Brief ::
Please restate word for word the lines of the entries below from the one with "(总)席世家 2025新款凉" to the one with "Следующими выступают Хабибуллина", inclusive, and leave out every picture.

Excerpted data ::

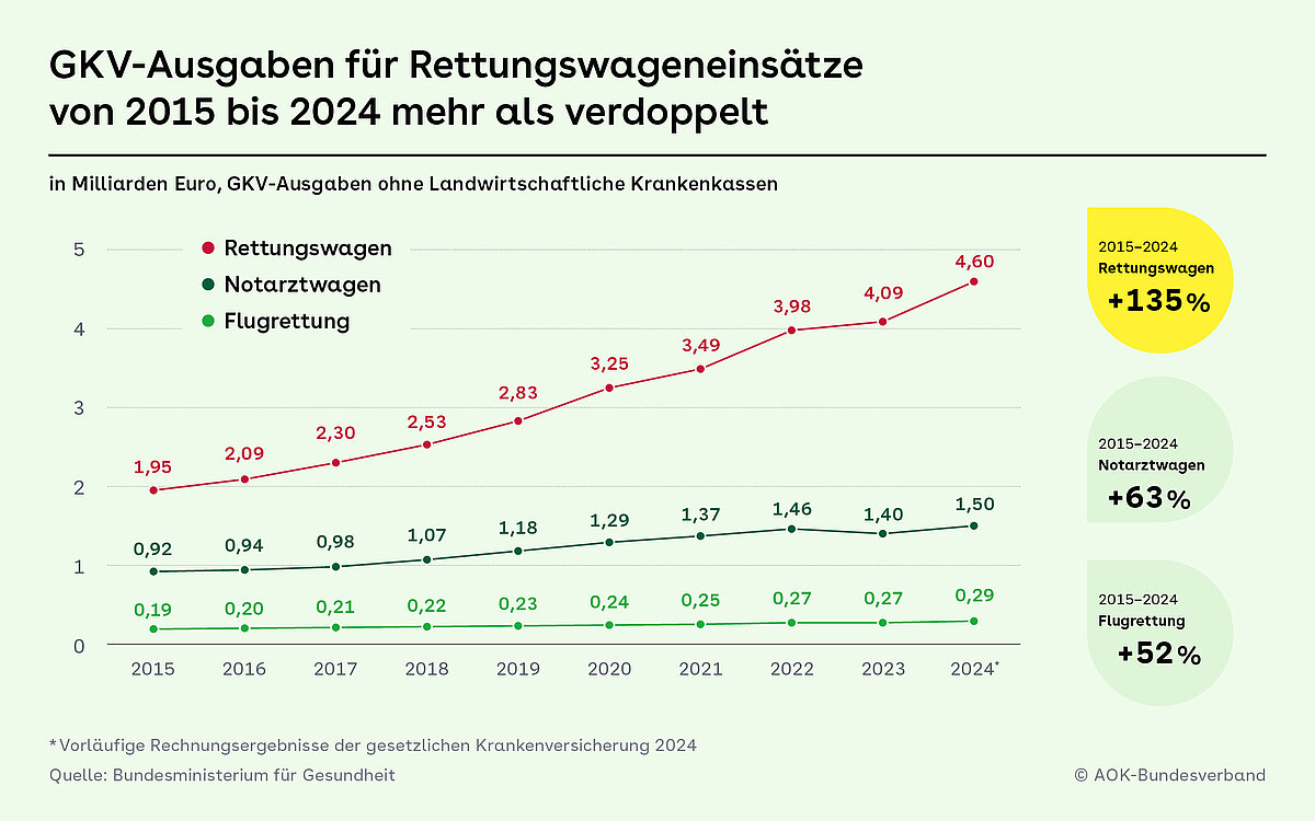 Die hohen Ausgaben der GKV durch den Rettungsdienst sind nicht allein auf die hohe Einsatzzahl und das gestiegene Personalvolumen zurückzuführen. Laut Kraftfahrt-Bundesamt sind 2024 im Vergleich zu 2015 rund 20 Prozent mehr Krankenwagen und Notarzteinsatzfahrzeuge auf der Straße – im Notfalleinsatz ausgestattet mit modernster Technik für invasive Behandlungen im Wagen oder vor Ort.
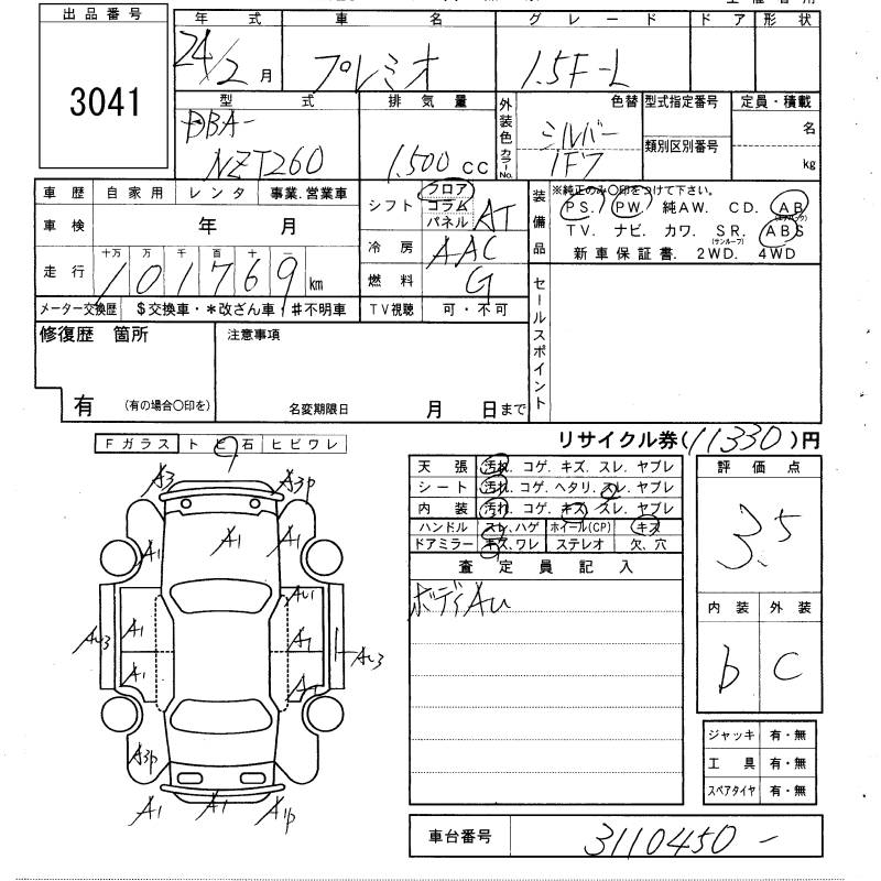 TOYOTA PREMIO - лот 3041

--

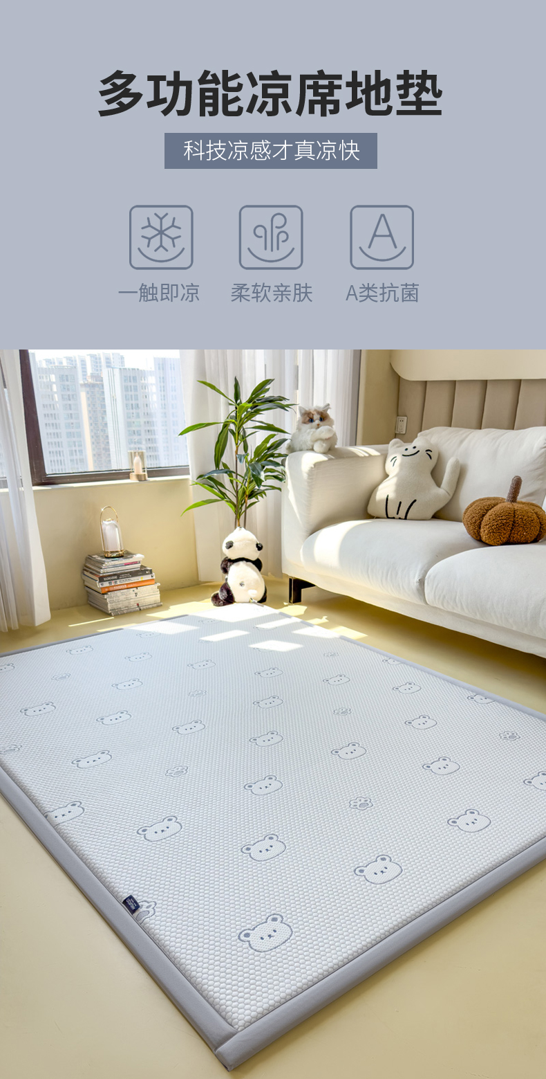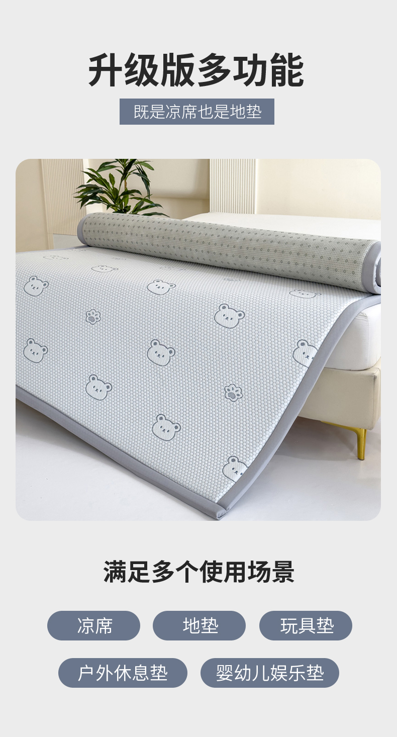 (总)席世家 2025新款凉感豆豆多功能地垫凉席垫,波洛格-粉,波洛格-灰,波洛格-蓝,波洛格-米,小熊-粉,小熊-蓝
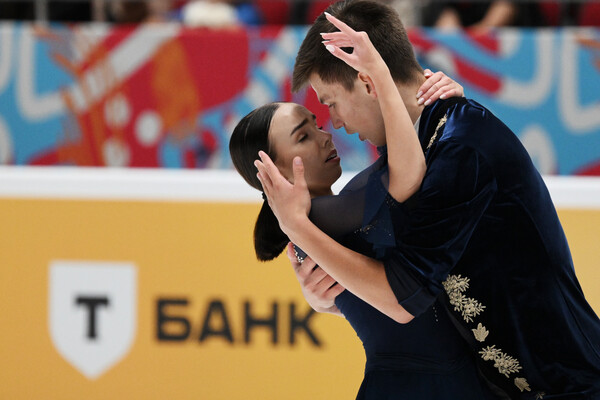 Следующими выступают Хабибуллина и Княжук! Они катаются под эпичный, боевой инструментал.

Response area ::
 (总)席世家 2025新款凉感豆豆多功能地垫凉席垫,波洛格-粉,波洛格-灰,波洛格-蓝,波洛格-米,小熊-粉,小熊-蓝
 Следующими выступают Хабибуллина и Княжук! Они катаются под эпичный, боевой инструментал.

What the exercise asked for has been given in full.